• [Your instructions]:
Please return exactly the lines below that run from the line with "Productos principales:Funda de" through the end of the listing, both included, but not the pictures.

• [Working data]:

○ ○ ○ ○

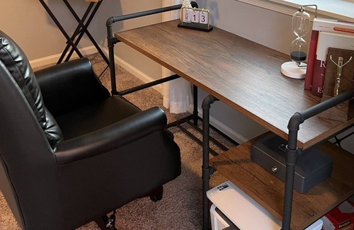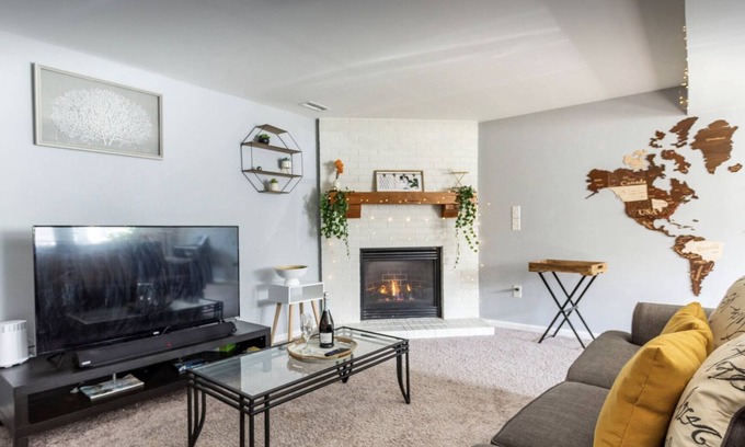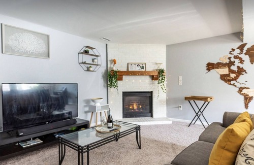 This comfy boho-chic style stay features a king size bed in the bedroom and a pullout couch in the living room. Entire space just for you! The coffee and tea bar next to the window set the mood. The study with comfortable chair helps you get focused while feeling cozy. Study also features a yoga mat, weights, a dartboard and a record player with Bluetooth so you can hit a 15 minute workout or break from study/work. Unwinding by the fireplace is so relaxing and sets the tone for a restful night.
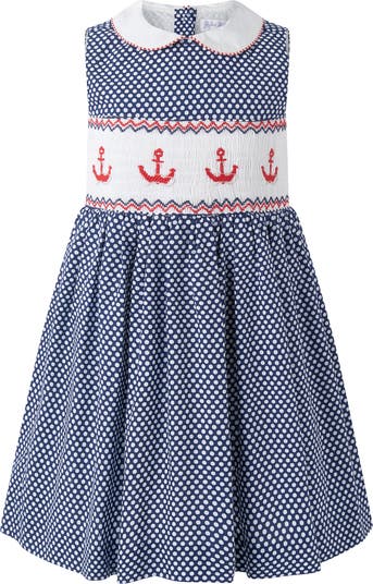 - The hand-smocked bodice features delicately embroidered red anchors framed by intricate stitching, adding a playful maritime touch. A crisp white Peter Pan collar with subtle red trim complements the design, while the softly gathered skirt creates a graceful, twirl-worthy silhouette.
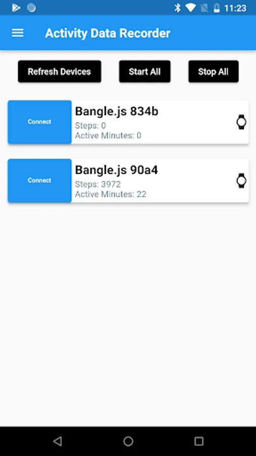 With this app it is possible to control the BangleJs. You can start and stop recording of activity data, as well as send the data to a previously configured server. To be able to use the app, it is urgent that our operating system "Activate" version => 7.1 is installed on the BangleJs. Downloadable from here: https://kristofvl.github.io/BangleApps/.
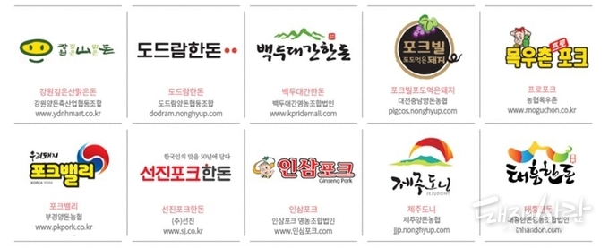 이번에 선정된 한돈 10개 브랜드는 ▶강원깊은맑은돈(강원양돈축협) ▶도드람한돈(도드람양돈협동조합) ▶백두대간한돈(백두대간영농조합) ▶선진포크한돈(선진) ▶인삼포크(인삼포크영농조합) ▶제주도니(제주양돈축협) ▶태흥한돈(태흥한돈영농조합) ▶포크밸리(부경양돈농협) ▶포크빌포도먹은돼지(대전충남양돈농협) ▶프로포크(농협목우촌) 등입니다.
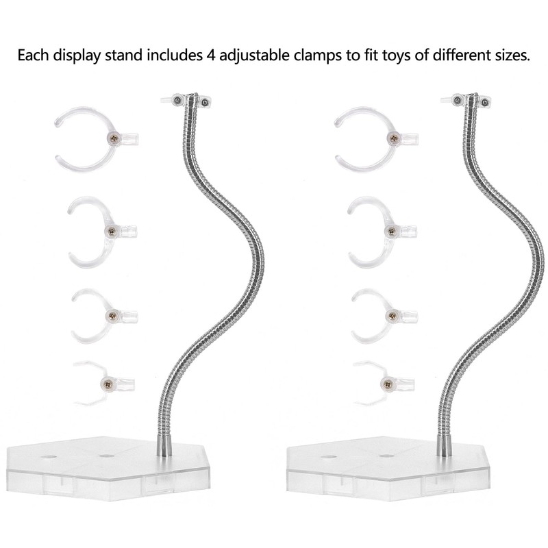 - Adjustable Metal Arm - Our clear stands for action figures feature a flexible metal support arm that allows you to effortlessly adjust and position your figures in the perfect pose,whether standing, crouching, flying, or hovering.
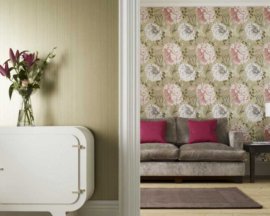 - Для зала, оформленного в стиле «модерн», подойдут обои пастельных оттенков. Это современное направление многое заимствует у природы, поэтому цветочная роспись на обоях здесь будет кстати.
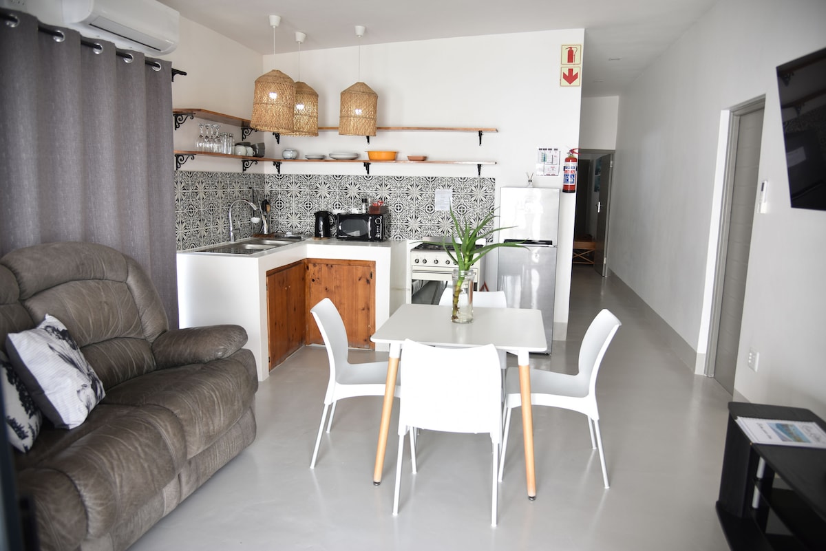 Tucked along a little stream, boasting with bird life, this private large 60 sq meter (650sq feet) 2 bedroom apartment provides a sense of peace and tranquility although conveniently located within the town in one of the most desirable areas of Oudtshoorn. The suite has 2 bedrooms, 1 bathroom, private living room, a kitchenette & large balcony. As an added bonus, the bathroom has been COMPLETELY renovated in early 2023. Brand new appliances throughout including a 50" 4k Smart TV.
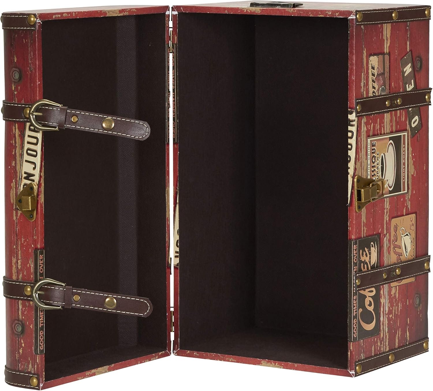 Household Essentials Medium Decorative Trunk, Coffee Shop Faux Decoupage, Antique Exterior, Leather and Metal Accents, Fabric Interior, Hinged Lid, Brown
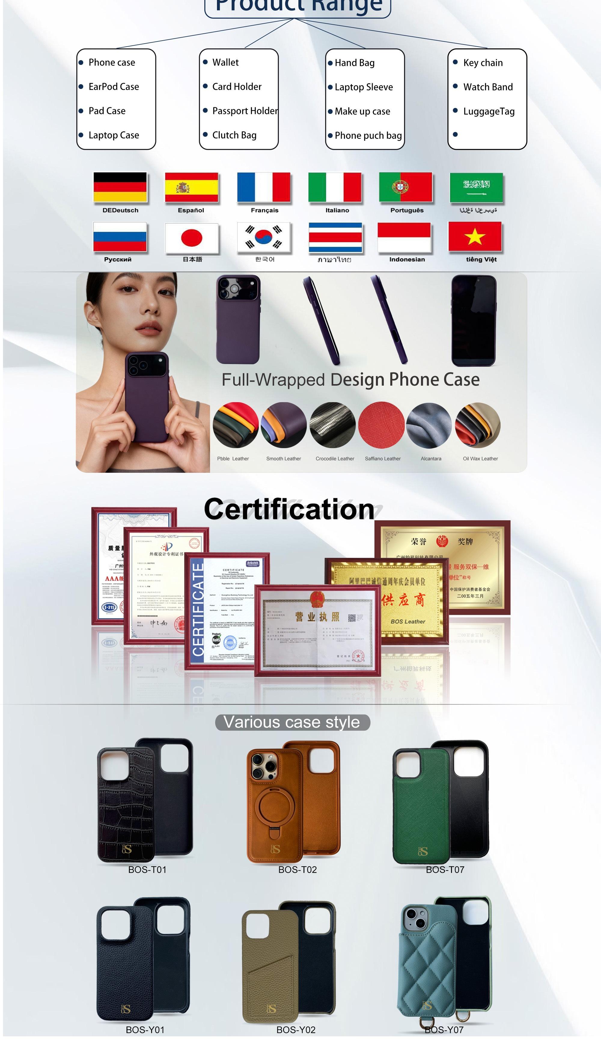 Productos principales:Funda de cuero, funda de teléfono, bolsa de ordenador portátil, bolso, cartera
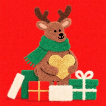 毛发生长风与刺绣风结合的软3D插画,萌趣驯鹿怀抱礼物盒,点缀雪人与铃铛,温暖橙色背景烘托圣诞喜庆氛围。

○ ○ ○ ○

• [Reply]:
 Productos principales:Funda de cuero, funda de teléfono, bolsa de ordenador portátil, bolso, cartera
 毛发生长风与刺绣风结合的软3D插画,萌趣驯鹿怀抱礼物盒,点缀雪人与铃铛,温暖橙色背景烘托圣诞喜庆氛围。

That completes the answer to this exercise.